At 1,500m (4,920 ft.), Dalat is mercifully cool year-round -- there's no need for air-conditioning. The town is a unique blend of pastoral hillside Vietnam and European alpine resort. Alexander Yersin, the Swiss geologist who first traipsed across this pass, established the town in 1897 as a resort for French commanders weary of the Vietnamese tropics. In and around town are still scattered the relics of colonial mansions, as well as some serene pagodas in a lovely natural setting; you've escaped from big-city Vietnam for real. A few ethnic minorities, including the Lat and the Koho, live in and around the picturesque hills surrounding Dalat, and you can visit a number of rural villages on local tours.

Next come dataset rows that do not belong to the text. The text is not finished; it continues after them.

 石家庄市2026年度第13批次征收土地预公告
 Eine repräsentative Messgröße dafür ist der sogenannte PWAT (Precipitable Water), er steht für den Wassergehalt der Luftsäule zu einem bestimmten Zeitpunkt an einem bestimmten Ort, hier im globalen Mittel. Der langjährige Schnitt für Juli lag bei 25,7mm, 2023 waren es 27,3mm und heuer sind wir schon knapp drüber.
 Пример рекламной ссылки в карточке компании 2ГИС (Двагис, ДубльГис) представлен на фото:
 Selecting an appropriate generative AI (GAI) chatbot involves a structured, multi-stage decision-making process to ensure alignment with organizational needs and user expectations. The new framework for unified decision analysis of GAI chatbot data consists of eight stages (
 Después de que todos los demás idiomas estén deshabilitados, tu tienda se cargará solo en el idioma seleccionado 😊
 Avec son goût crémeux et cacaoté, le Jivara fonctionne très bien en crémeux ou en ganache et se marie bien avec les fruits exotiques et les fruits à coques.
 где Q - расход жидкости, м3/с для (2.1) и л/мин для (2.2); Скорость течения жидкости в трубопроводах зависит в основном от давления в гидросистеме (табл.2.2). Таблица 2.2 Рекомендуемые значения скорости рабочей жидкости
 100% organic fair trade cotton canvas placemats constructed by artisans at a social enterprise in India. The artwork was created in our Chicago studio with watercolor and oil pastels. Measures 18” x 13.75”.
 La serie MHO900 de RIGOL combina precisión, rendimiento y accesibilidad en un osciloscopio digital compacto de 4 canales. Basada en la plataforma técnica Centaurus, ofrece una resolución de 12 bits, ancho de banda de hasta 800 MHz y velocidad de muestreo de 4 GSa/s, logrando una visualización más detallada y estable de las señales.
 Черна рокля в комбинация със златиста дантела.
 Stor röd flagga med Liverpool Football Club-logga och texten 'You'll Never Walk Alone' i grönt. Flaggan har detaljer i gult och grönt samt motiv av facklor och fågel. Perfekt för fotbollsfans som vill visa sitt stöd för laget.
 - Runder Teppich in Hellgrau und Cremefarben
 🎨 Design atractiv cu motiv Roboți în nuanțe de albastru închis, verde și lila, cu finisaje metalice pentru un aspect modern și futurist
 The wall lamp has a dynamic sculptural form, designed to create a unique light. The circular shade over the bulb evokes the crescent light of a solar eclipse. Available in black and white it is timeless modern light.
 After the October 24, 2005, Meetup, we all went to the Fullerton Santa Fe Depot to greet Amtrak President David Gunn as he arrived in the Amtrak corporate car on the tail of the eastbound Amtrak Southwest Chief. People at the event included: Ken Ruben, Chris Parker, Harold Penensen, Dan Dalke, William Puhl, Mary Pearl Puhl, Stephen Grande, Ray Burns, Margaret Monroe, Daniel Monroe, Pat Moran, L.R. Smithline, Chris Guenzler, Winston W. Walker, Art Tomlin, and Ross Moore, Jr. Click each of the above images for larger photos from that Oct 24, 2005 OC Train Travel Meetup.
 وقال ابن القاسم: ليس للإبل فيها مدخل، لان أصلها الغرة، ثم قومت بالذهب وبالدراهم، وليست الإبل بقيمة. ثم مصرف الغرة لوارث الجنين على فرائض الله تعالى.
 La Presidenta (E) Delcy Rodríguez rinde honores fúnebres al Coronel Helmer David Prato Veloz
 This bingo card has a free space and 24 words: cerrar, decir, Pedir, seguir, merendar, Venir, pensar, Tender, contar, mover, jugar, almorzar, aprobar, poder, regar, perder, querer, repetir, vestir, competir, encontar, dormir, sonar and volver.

Dalat is a top resort destination for Vietnamese couples getting married or honeymooning. If the lunar astrological signs are particularly good, it's not unusual to see 10 or so wedding parties in a single day. Many of the local scenic spots, like the Valley of Love and Lake of Sighs, pander to the giddy couples. The waterfalls are swarming with vendors, men costumed as bears, and "cowboys" complete with sad-looking horses and fake pistols. A carnival air prevails. It's a "so bad that it's good" kind of tacky that is definitely worth the trip. There are also some picturesque temples and hillsides lined with the crumbling weekend homes of French colonials. Emperor Bao Dai, the last in Vietnam, had three large homes here, one of which is now the Sofitel Hotel; the other two can be visited on tours.